Results: A 96-year-old woman was admitted with head trauma due to an accidental fall. During her
hospital stay she experienced frequent hypoglycemic episodes. Multiple injections of 33% dextrose
and continuous infusion with 10% dextrose were required to maintain normal blood glucose levels.
Biochemical analyses revealed hypoinsulinemic hypoglycemia, low C-peptide levels, suppressed
insulin-like growth factor-1, normal insulin-like growth factor-2, and an elevated IGF-2:IGF-1 ratio,
all consistent with IGF-2 secretion by a non-islet cell tumor.

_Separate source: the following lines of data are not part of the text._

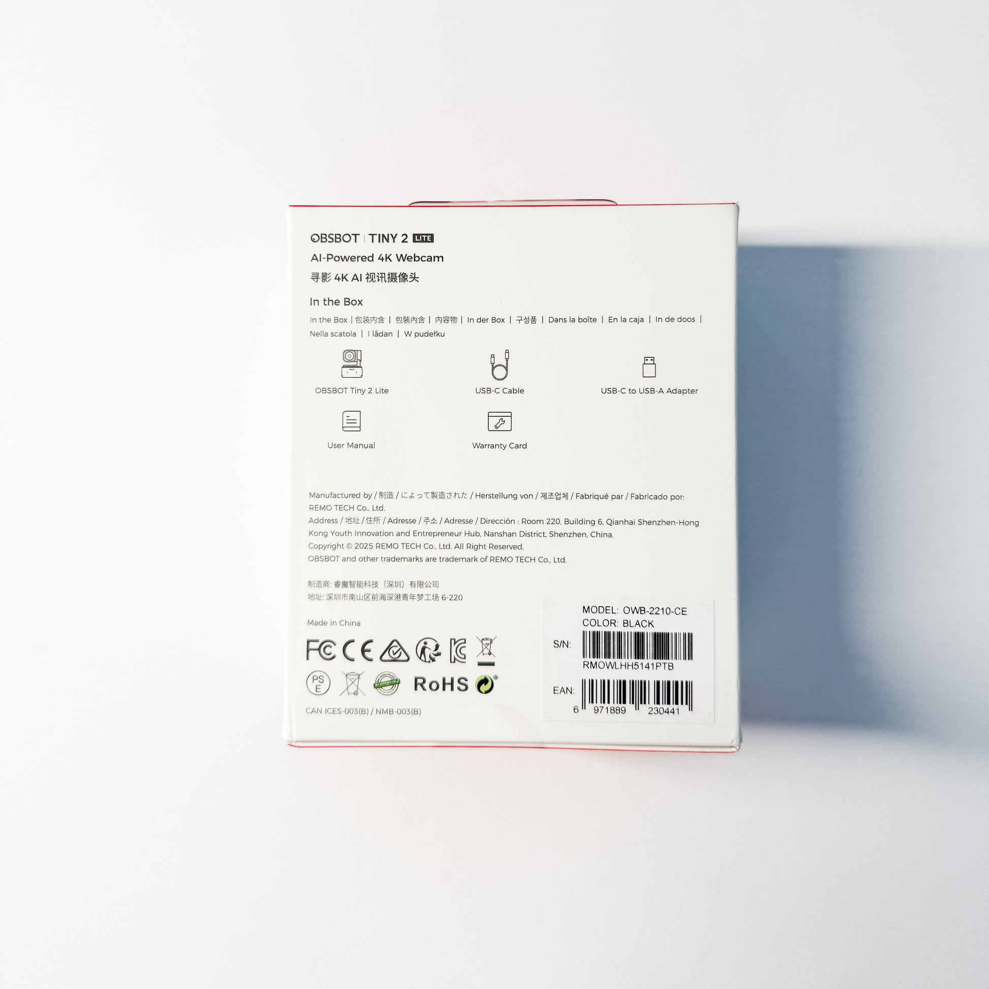 OBSBOT Tiny 2 Lite Webcam - 4K AI Tracking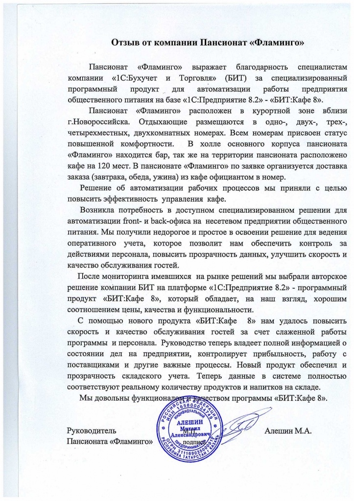 «Продукт «БИТ:Кафе 8» позволил систематизировать работу персонала, что повысило скорость и качество обслуживания гостей. Руководство теперь владеет полной информацией о состоянии дел кафе, контролирует прибыльность, работу с поставщиками и многие другие процессы. Новый продукт обеспечил прозрачность складского учета. Теперь данные системе полностью соответствуют реальному количеству продуктов и напитков на складе», - отмечает директор пансионата «Фламинго» Алешин Михаил Александрович.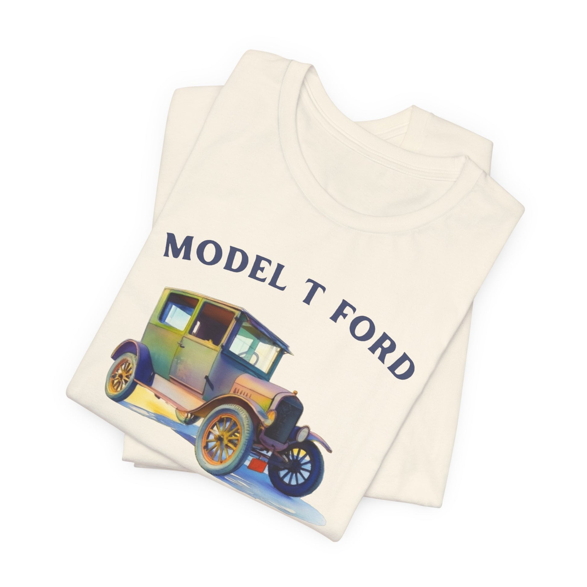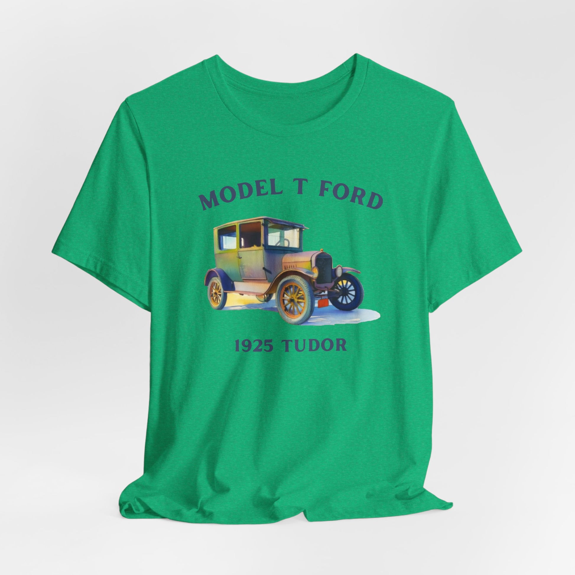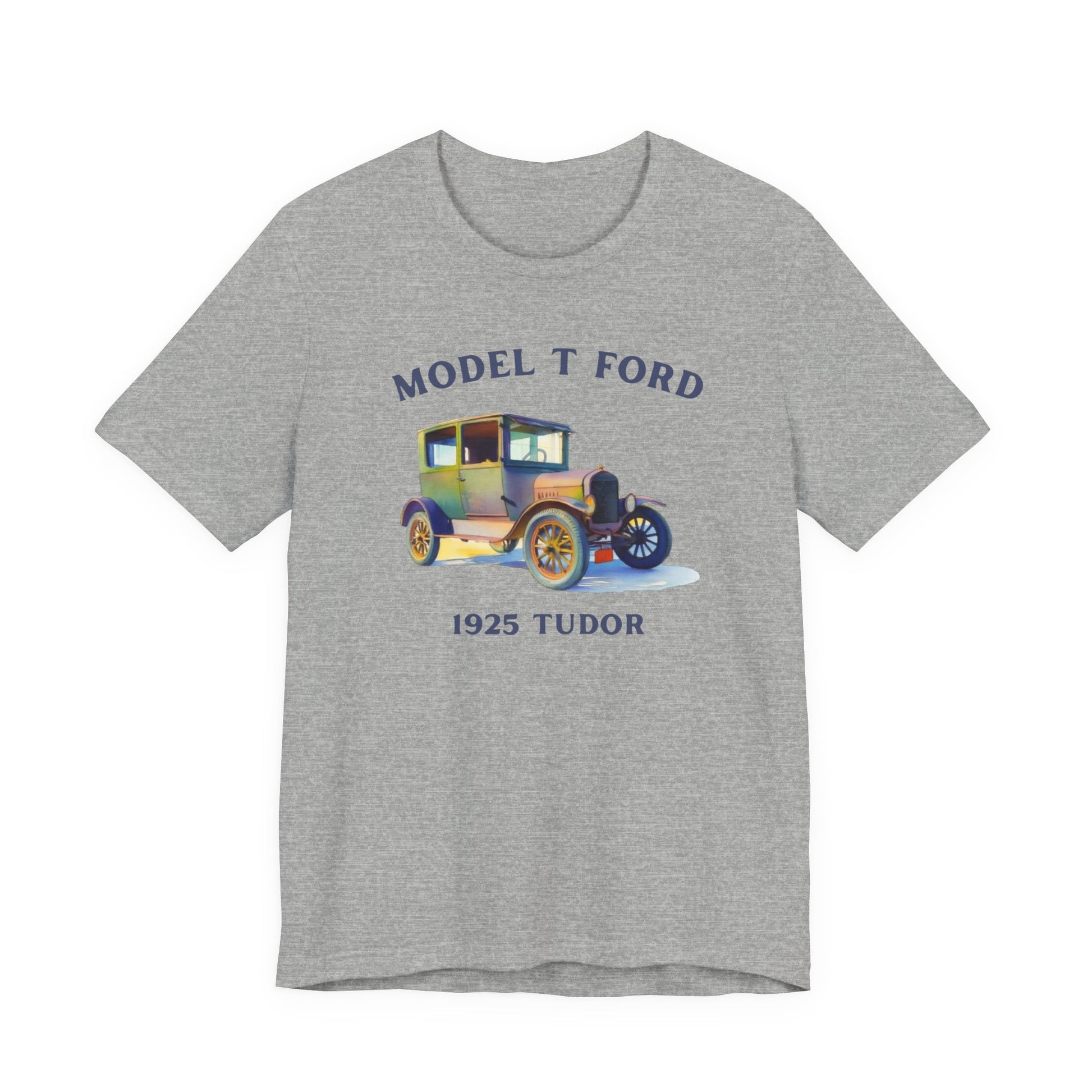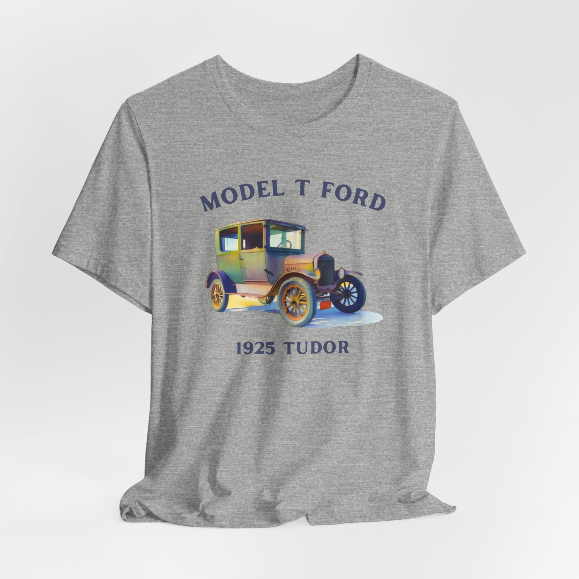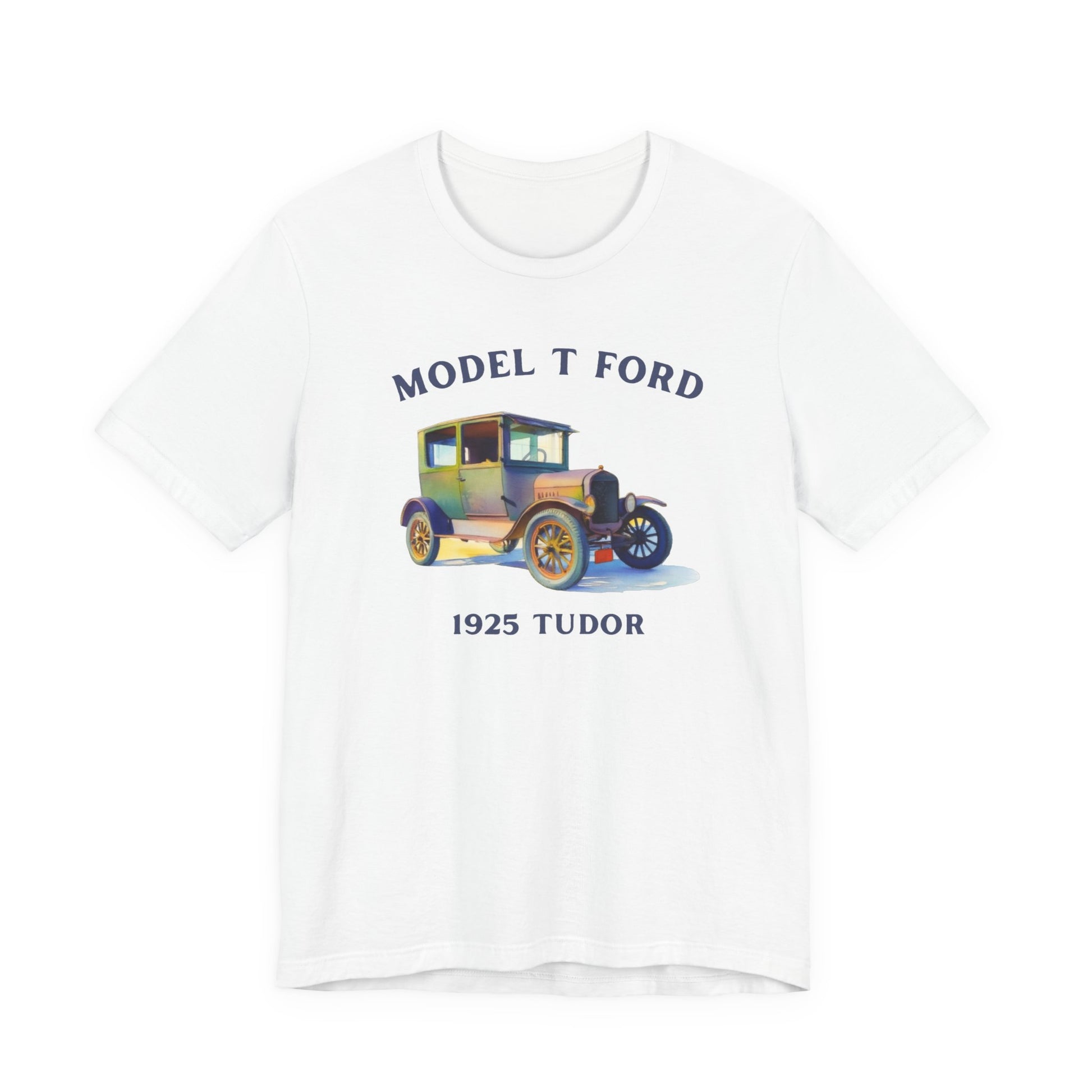This lightweight jersey tee carries a quiet vintage energy — a watercolor-style illustration of a 1925 Model T Tudor sits center chest, framed by simple, classic type. Wear it on a slow Sunday drive, to a car meet, or when you want a nod to automotive history without shouting. The soft Airlume combed cotton feels breathable against the skin, while the retail crew neckline keeps the look clean and easy to layer under a jacket or cardigan. Subtle sleeve and neck prints hold crisp detail thanks to modern DTF/DTG techniques, and the tear-away label keeps irritation away during long drives or warm afternoons.

A contrast-enhanced chest and abdominal CT scans showed a single large pleural mass in the left
lower hemithorax measuring 15x14 cm without secondary lesions. Histological analysis of biopsied
specimens suggested a solitary fibrous pleural tumor; accordingly, a diagnosis of Doege-Potter
syndrome was considered.
Due to extensive tumor burden and the advanced age of the patient, supportive and non-invasive
management was chosen. Dexamethasone therapy was started, and while receiving this therapy she
was able to discontinue glucose infusion and successfully maintain euglycemia.
Discussion: In the elderly, a sudden and unexplained fall can be the expression of severe hypoglycemia,
usually as a complication of insulin therapy or of oral hypoglycemic agents administered to
patients with diabetes. However, in patients without diabetes, other causes should be investigated,
and the hypothesis of neoplastic diseases should be considered.
Conclusion: In this case report we describe an uncommon cause of paraneoplastic hypoglycemia
occurring in the oldest patient with a non-islet cell tumor reported thus far.